**Required action**
Quote all of the data that follows exactly as written, skipping the images.

Source material Start Marker

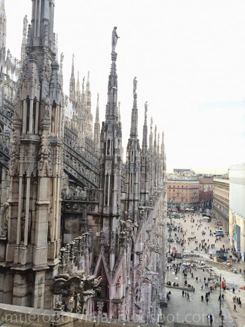 Subimos a las terrazas y se trata de una visita imprescindible, los balcones son una obra de arte y desde arriba puedes ver la ciudad y el movimiento de la plaza del Duomo.
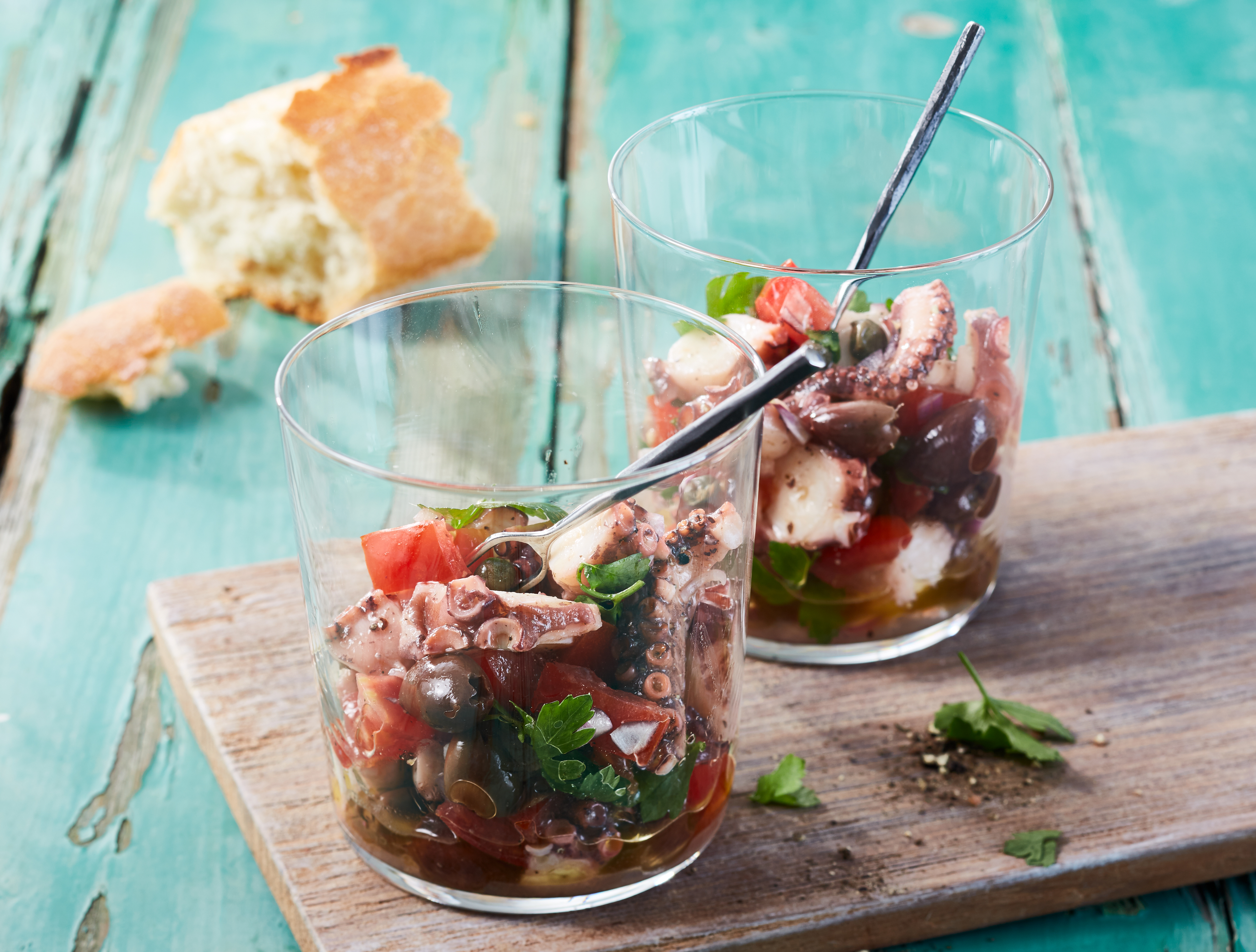 Pulpoarme gegebenenfalls über Nacht im Kühlschrank auftauen lassen. Pulpo in mundgerechte Stücke schneiden. Tomaten und Zwiebel würfeln und Petersilie grob hacken. Alles zusammen mit den Oliven vermischen. Mit Salz, Pfeffer, Olivenöl und Essig abschmecken. Salz etwas sparsamer als gewohnt verwenden.
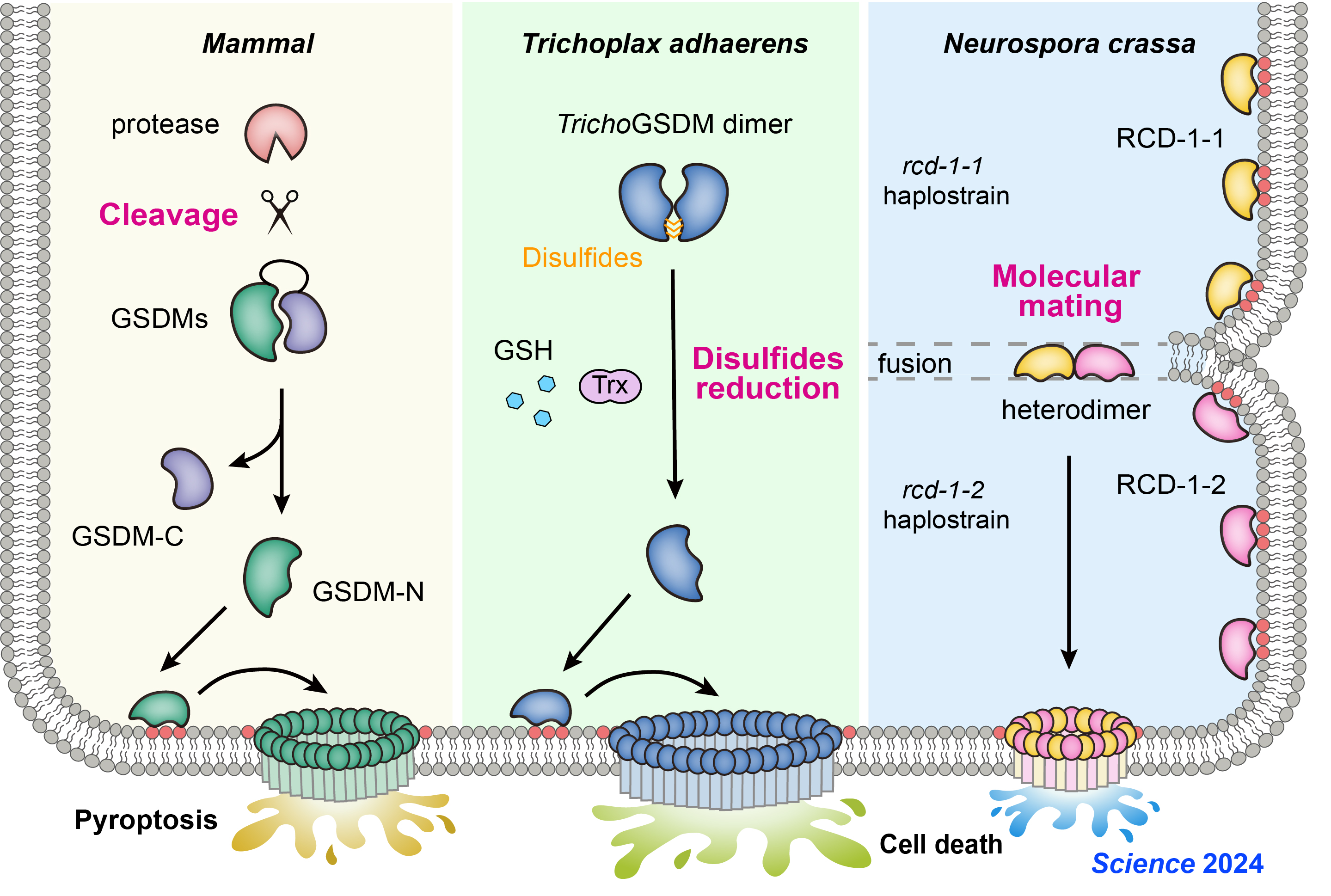 1. Li, Y.#, Hou, Y.#, Sun, Q.#, Zeng, H., Meng, F., Tian, X., He, Q., Shao, F.* & Ding, J*. (2024) Cleavage-independent activation of ancient eukaryotic gasdermins and structural mechanisms. Science. 384(6697): adm9190.
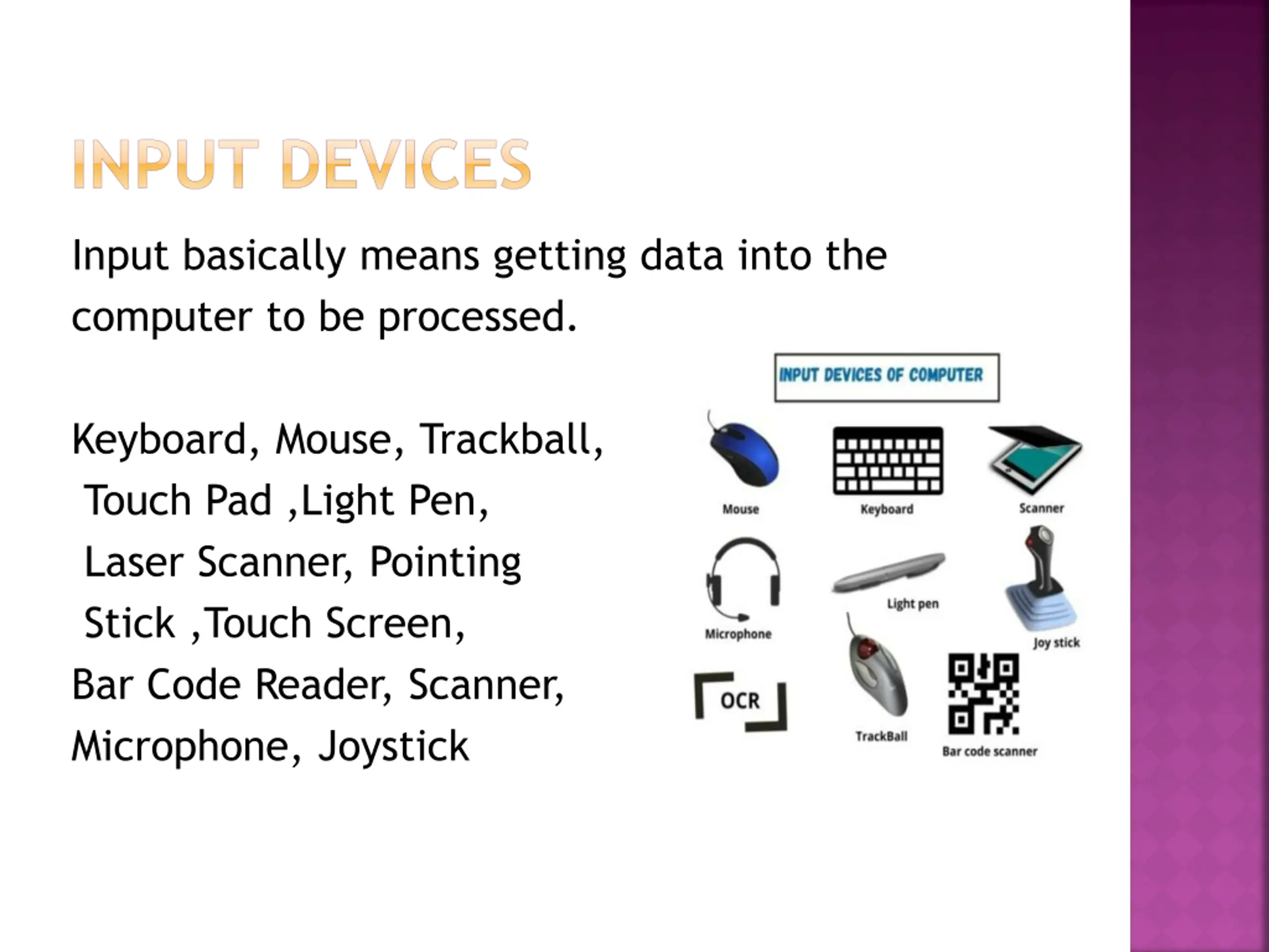 INPUT DEVICES Input basically means getting data into the computer to be processed. Keyboard, Mouse, Trackball, Touch Pad ,Light Pen, Laser Scanner, Pointing Stick ,Touch Screen, Bar Code Reader, Scanner, Microphone, Joystick

Source material End Marker

**Exercise result**
 Subimos a las terrazas y se trata de una visita imprescindible, los balcones son una obra de arte y desde arriba puedes ver la ciudad y el movimiento de la plaza del Duomo.
 Pulpoarme gegebenenfalls über Nacht im Kühlschrank auftauen lassen. Pulpo in mundgerechte Stücke schneiden. Tomaten und Zwiebel würfeln und Petersilie grob hacken. Alles zusammen mit den Oliven vermischen. Mit Salz, Pfeffer, Olivenöl und Essig abschmecken. Salz etwas sparsamer als gewohnt verwenden.
 1. Li, Y.#, Hou, Y.#, Sun, Q.#, Zeng, H., Meng, F., Tian, X., He, Q., Shao, F.* & Ding, J*. (2024) Cleavage-independent activation of ancient eukaryotic gasdermins and structural mechanisms. Science. 384(6697): adm9190.
 INPUT DEVICES Input basically means getting data into the computer to be processed. Keyboard, Mouse, Trackball, Touch Pad ,Light Pen, Laser Scanner, Pointing Stick ,Touch Screen, Bar Code Reader, Scanner, Microphone, Joystick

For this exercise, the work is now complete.